The Bank of Israel will probably implement one more rate cut in the coming months, bringing the benchmark to zero, as it struggles to weaken the shekel, Goldman Sachs Group Inc. said.
“Given the soft inflation outlook and the stagnation in Israel’s exports, it is clearly conceivable that we will see more policy action from the central bank in the coming months,” analyst Kasper Lund-Jensen said in an e-mailed report.
The central bank has reduced its benchmark rate 13 times since 2011 to weaken the shekel and shore up exports, which account for about a third of Israel’s economy. Last year, the economy expanded 2.8 percent, its slowest annual pace in five years, and it’s forecast by the bank to grow 3.2 percent in 2015.
Goldman’s “base case scenario” doesn’t include a reduction to negative rates, since appreciation pressures in 2015 probably won’t be strong enough to make that necessary, the report said. One reason is the recent sharp outflow from domestic money market funds and the investment of some of this money abroad as rates, including fees, approach “negative territory,” creating depreciation pressures.

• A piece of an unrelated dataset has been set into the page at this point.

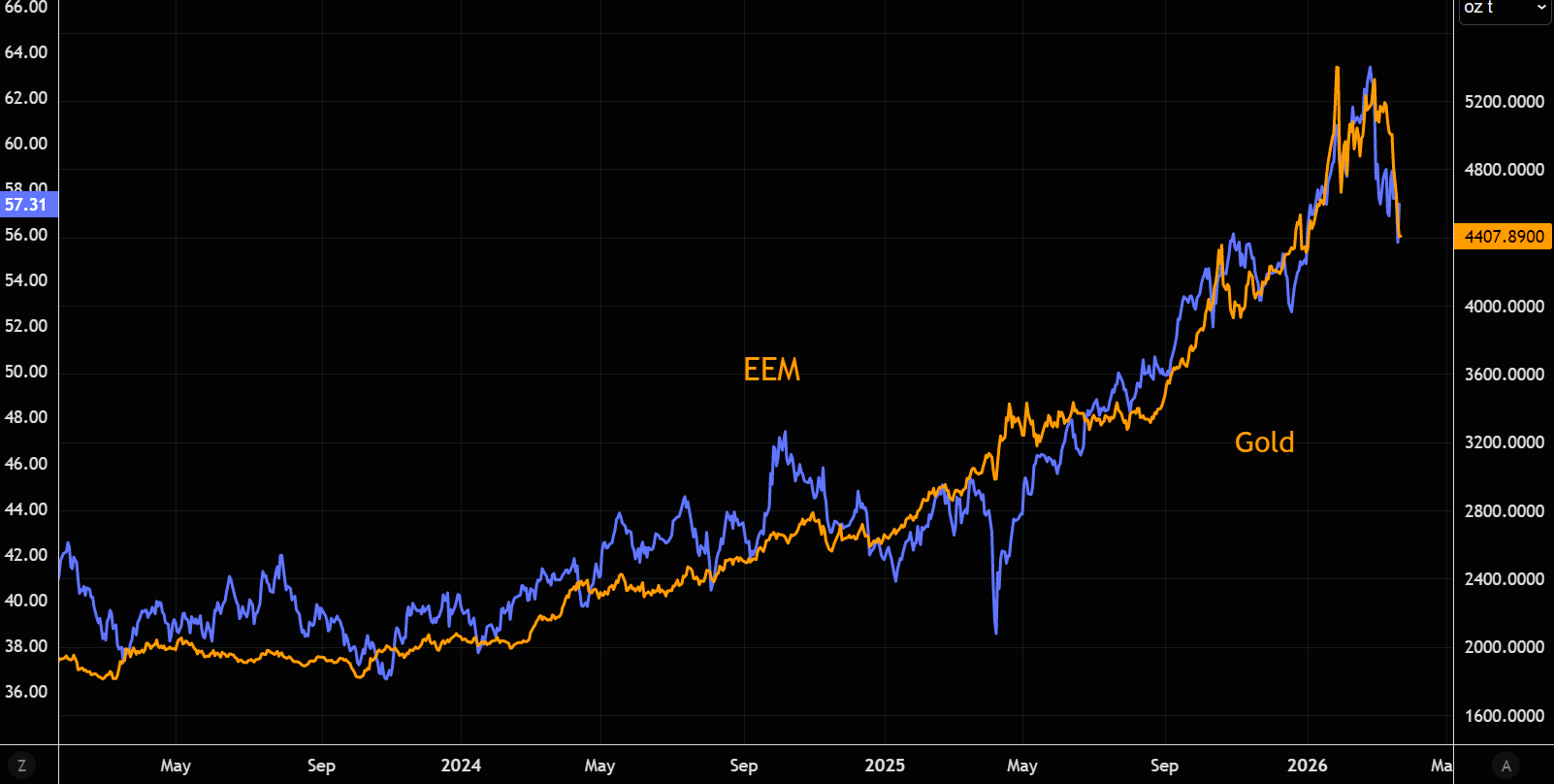 Relative to EM equities, gold actually looks slightly cheap at current levels.
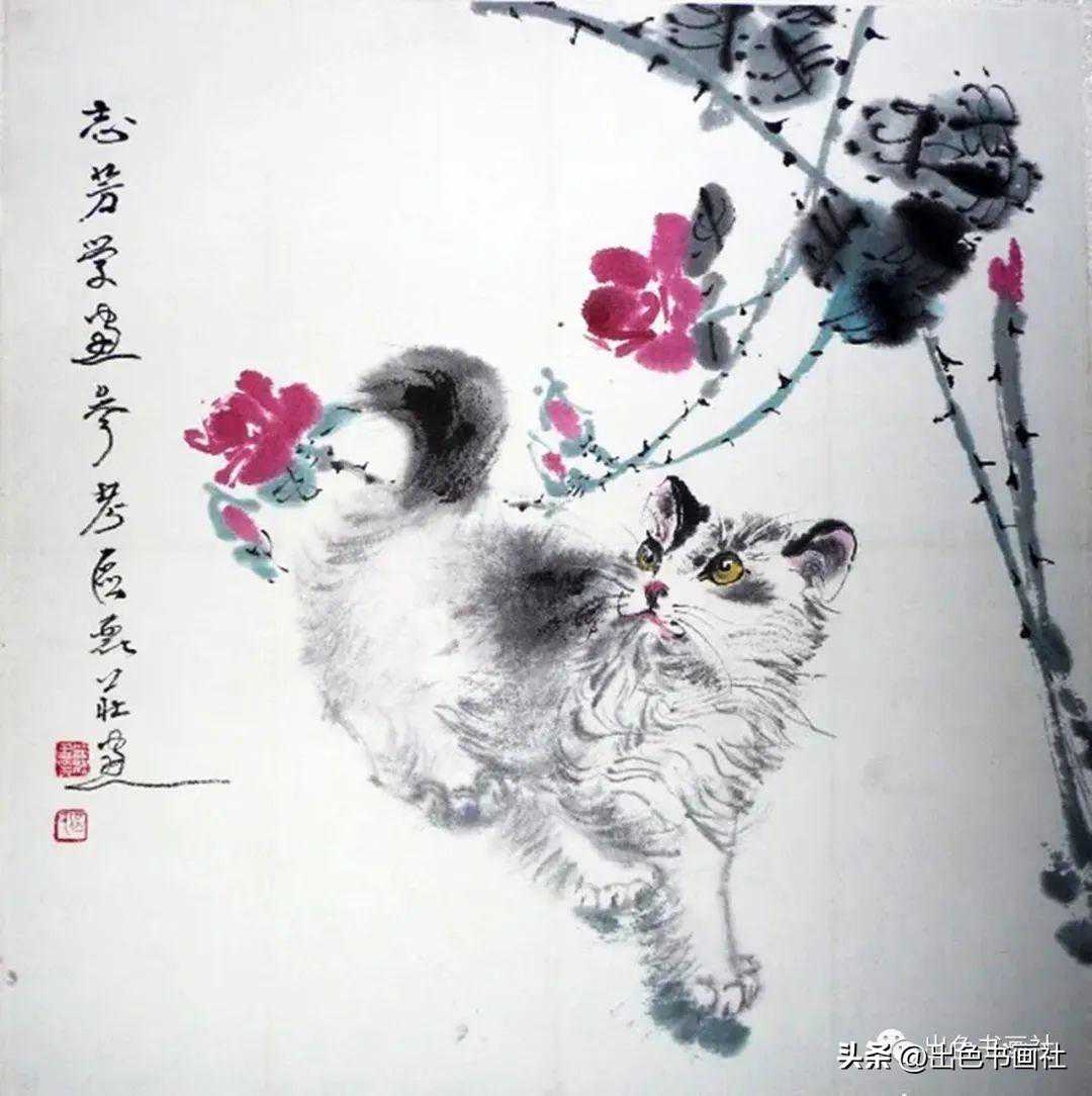 区丽庄曾经豢养了不少只猫,故能够对猫的刻画入木三分,画里的猫赋彩雅致,充满张力,焕发着蓬勃的生命气息。

The shekel, which traded at 3.8832 shekels to the dollar at 10:55 a.m., will weaken to 4.10 shekels in three months, according to Goldman’s forecast.
Still, Lund-Jensen notes that the finance ministry instructed financial institutions to prepare for the introduction of negative rates, while Bank of Israel officials asked local banks if their systems are prepared to work with negative rates.
“This may open the door for the Bank of Israel to push rates into negative territory,” the report said.